A Senate panel approved a proposal to place restrictions on insider stock trading by members of Congress, as lawmakers seek to restore eroding public trust in Washington.
The Senate Homeland Security Committee, on a 7-2 vote, today approved a measure that would explicitly ban lawmakers and their aides from using nonpublic information they receive as part of their legislative and oversight duties for personal gain. The legislation also would make clear that existing securities laws prohibiting insider trading apply to Congress.
Enacting such legislation, which Congress has considered before, took on added urgency after the CBS News program “60 Minutes” reported last month that members of Congress bought stock in companies during debates on legislation that might affect the businesses. None of the questioned investments was illegal, the report said.
The Senate measure combines bipartisan proposals offered by Senator Kirsten Gillibrand, a New York Democrat, and Senator Scott Brown, a Massachusetts Republican.
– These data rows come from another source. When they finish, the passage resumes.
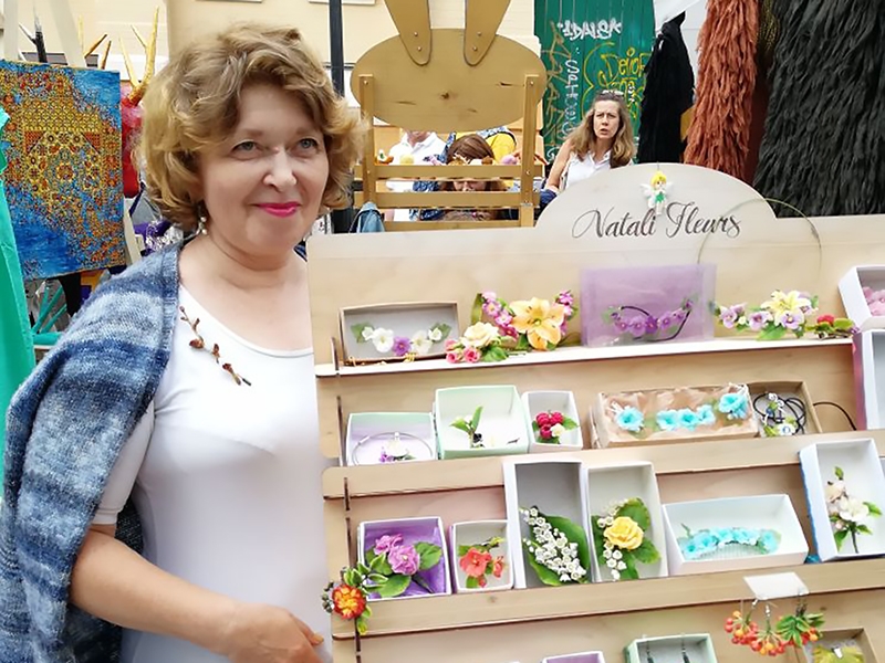 Наталья Вовченко: «Женщина с цветами не просто привлекает внимание к себе красивым украшением, – она другая, не такая, как всегда. Она сама это чувствует и это чувствуют все окружающие. Когда я смотрю на наших девушек, женщин, то мне хочется их всех украсить цветами. Этой – брошку с ландышами на пиджак под белую блузку – ну просто просится. Этой – волосы заколку с незабудками под цвет ее голубого шарфика – смотрелось бы идеально. Этой – серьги с лилиями под черное платье.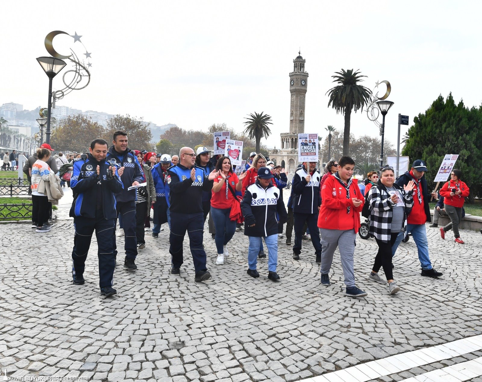 İzmir Büyükşehir Belediyesi Zabıta Dairesi Başkanlığı ekipleri ile İzmir Büyükşehir Belediyesi Engelli Hizmetleri Şube Müdürlüğü, 3 Aralık Dünya Engelliler Günü’nde farkındalık etkinliği düzenledi. Fiziksel, zihinsel, ortopedik engellilerin yanı sıra down sendromlu ve otizmli bireylerle birlikte Konak’tan Pasaport Vapur İskelesi’ne doğru yürüyen grup yürüyüş esnasında yurttaşlara engellilerin hayatını kolaylaştırmak için gerekli bilgilerin yer aldığı broşür dağıttı.
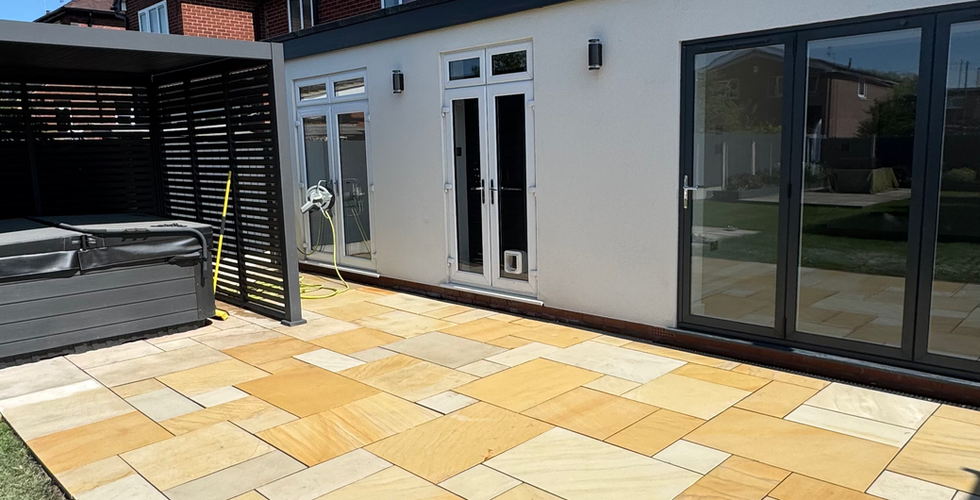 This garden in Walton, Stone (ST15) was transformed with a natural sandstone-effect porcelain patio, combining the warm tones of traditional stone with the strength and low-maintenance benefits of porcelain.
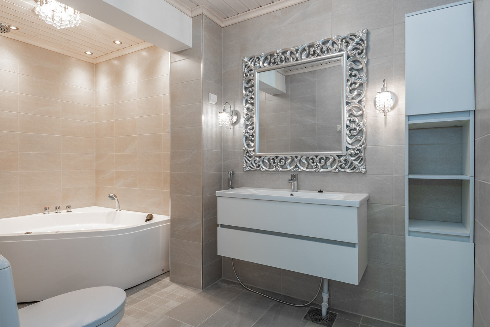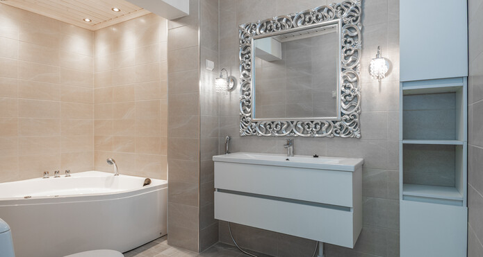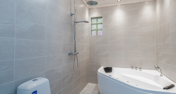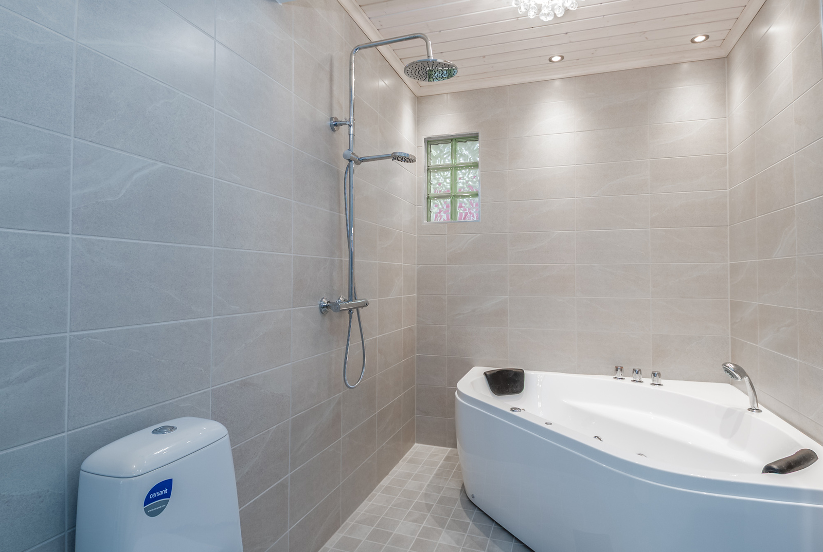 Tilava kylpyhuone huokuu luksusta; harmoninen värimaailma, upeat valaisimet ja poreamme kutsuvat nauttimaan ja rentoutumaan työpäivän jälkeen.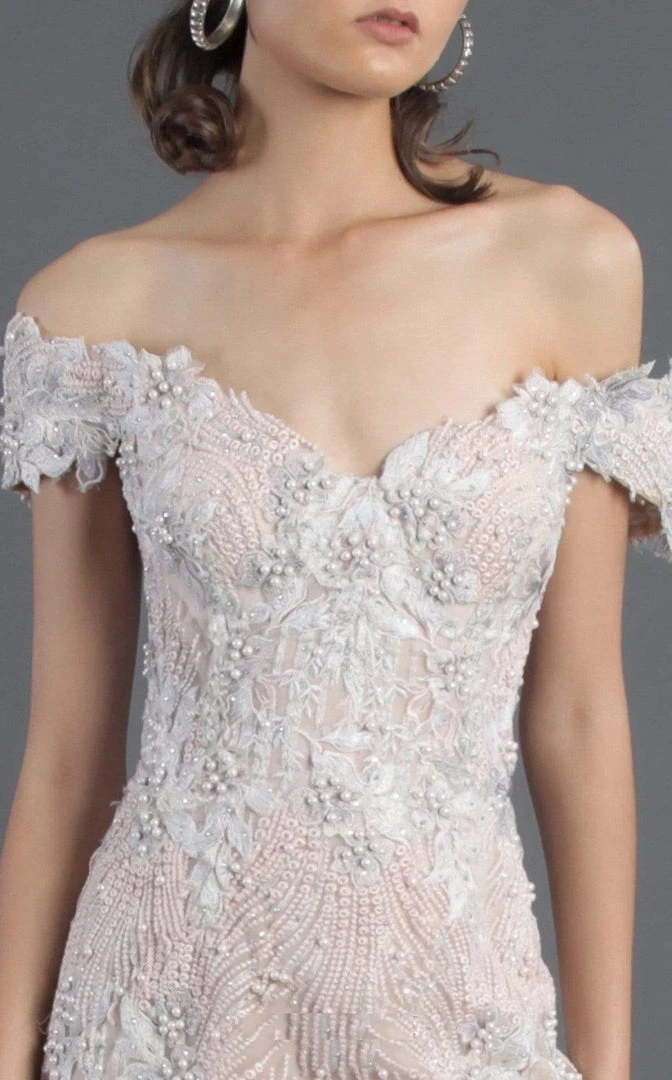 | Details: | Off-shoulder sleeves, Pearls, Floral appliques, Sheer, Boning details, Trumpet skirt, Sweep train |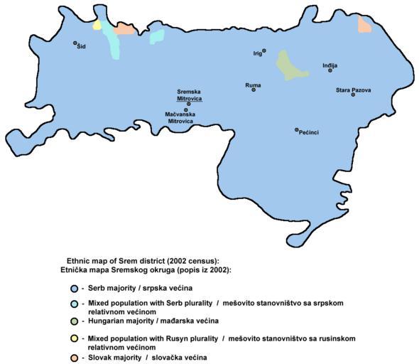 | Keywords: Srem ethnic2002.png en Ethnic map of Syrmia District - 2002 census data by settlements sr Етничка мапа С емског ок уга - попис из 2002 подаци по насељима own PANONIAN Cc-zero References Popis stanovništva domaćinstava i stanova u 2002 Stanovništvo nacionalna ili etnička pripadnost - Podaci po naseljima knjiga 1 Republika Srbija - Republički zavod za statistiku Beograd februar 2003 Slobodan Radovanović Geografski atlas Magic Map Smederevska Palanka 2001 Školski geografski atlas Intersistem Kartografija Beograd 2004 Denis Šehić - Demir Šehić Geografski atlas Srbije Beograd 2007 http //commons wikimedia org/wiki/File Census_2002_Serbia _ethnic_map_ by_localities png Syrmia District Maps of districts of Vojvodina Demographic maps of Vojvodina Maps in Serbian |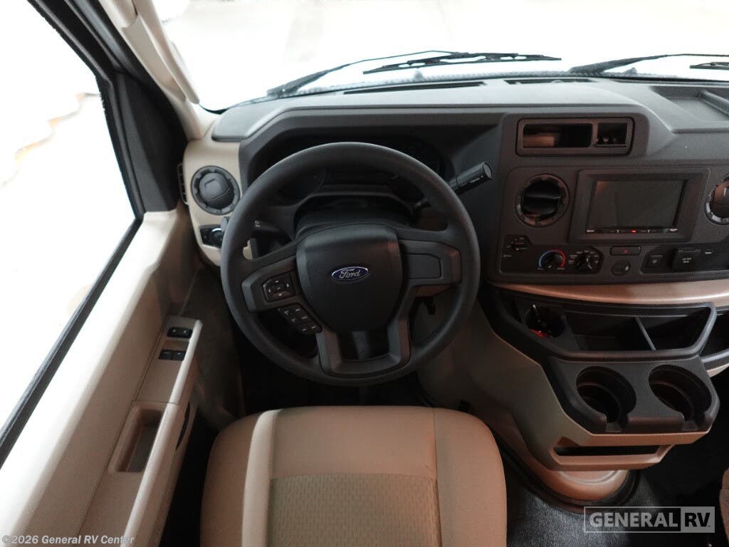 The Thor Motor Coach Four Winds 19Z is a compact Class C motorhome designed for travelers seeking a balance between maneuverability and comfort. Built on the Ford® E-Series chassis, it is powered by a 7.3L V8 engine delivering 325 horsepower and 450 lb-ft of torque, ensuring a robust and reliable driving experience. Measuring approximately 20 feet 5 inches in length, the 19Z offers ease of handling, making it suitable for both city driving and open-road adventures. Inside, the Four Winds 19Z features a well-thought-out floor plan that maximizes space and functionality. The rear of the motorhome houses a comfortable dinette that can be converted into a sleeping area, providing flexibility for dining and rest. The kitchen is equipped with essential appliances, including a refrigerator, microwave oven, and a two-burner gas cooktop, facilitating convenient meal preparation on the go. A compact bathroom offers necessary amenities without occupying excessive space. Additional features such as a 7-inch touchscreen dash radio with Bluetooth®, Android Auto™, and Apple CarPlay® compatibility enhance the overall travel experience, making the Four Winds 19Z a practical choice for those seeking adventure without compromising on comfort.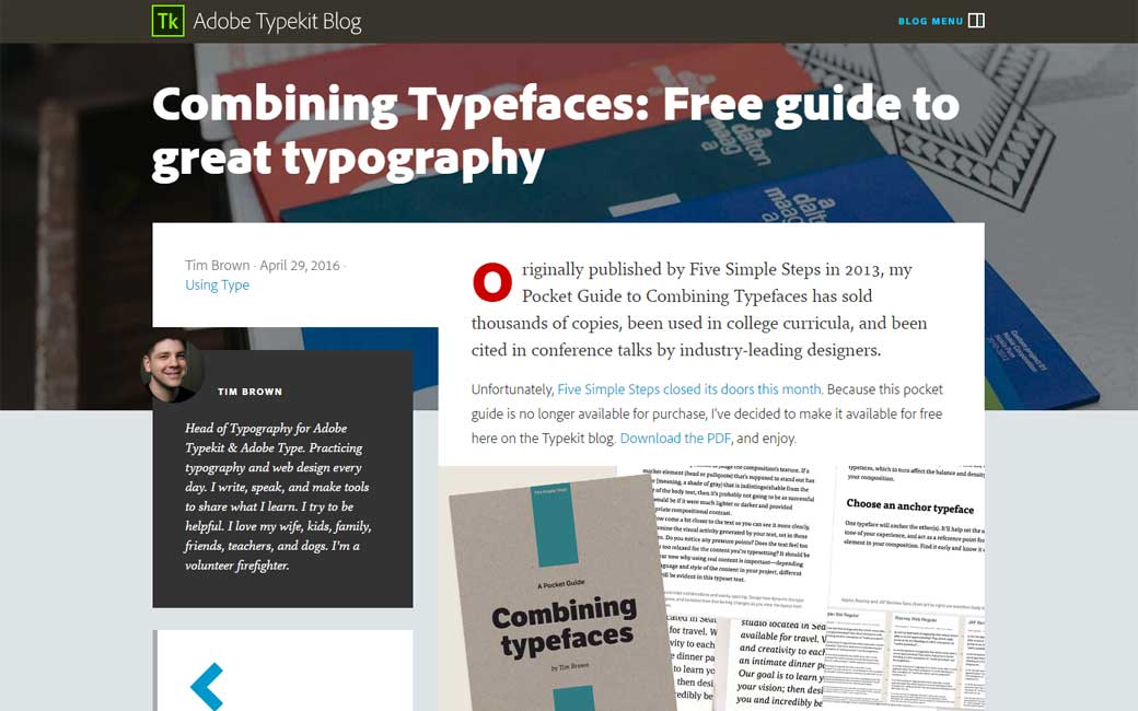 Combining Typefaces: Free guide to great typography, l’ebook de 5simple steps sur la combinaison de fonts est disponible gratuitement en PDF.

It directs ethics committees in the House and Senate to issue rules on insider trading and requires lawmakers to disclose their stock, commodities futures, bond and other transactions within 30 days.
“This is something that is critically needed to ensure there is a public trust that is reestablished,” Brown said.
The bill requires the Government Accountability Office to study the role of so-called political intelligence firms, which use their contacts in Washington to provide financial institutions with market-related information.
In the House, similar legislation is gaining bipartisan support, growing from nine cosponsors before the CBS report to more than 230 backers.
Representative Louise Slaughter, a New York Democrat who has pushed for the insider-trading legislation since 2006, said the Senate bill needs to be tougher on political intelligence firms.
Legislation she supports would require those firms or individuals involved in political intelligence to register in the same way as federal lobbyists and bar them from selling nonpublic information obtained from federal employees.
“We don’t need a study to understand this industry,” she said in a statement yesterday. “We need transparency and regulation so that the public, members, staff, and regulators know who is speaking to Congress to gain an advantage on the financial markets.”
Lieberman said the issue is complex and he plans a hearing on it when Congress returns next year.
Senator Tom Coburn, an Oklahoma Republican, said the panel was moving too fast on the legislation.
“We have laws,” Coburn said. “This isn’t a big problem with the vast majority of members of Congress.”
“Our constant response in Washington is, ‘pass another law,’” he said, and rushing to judgment further undermines public confidence.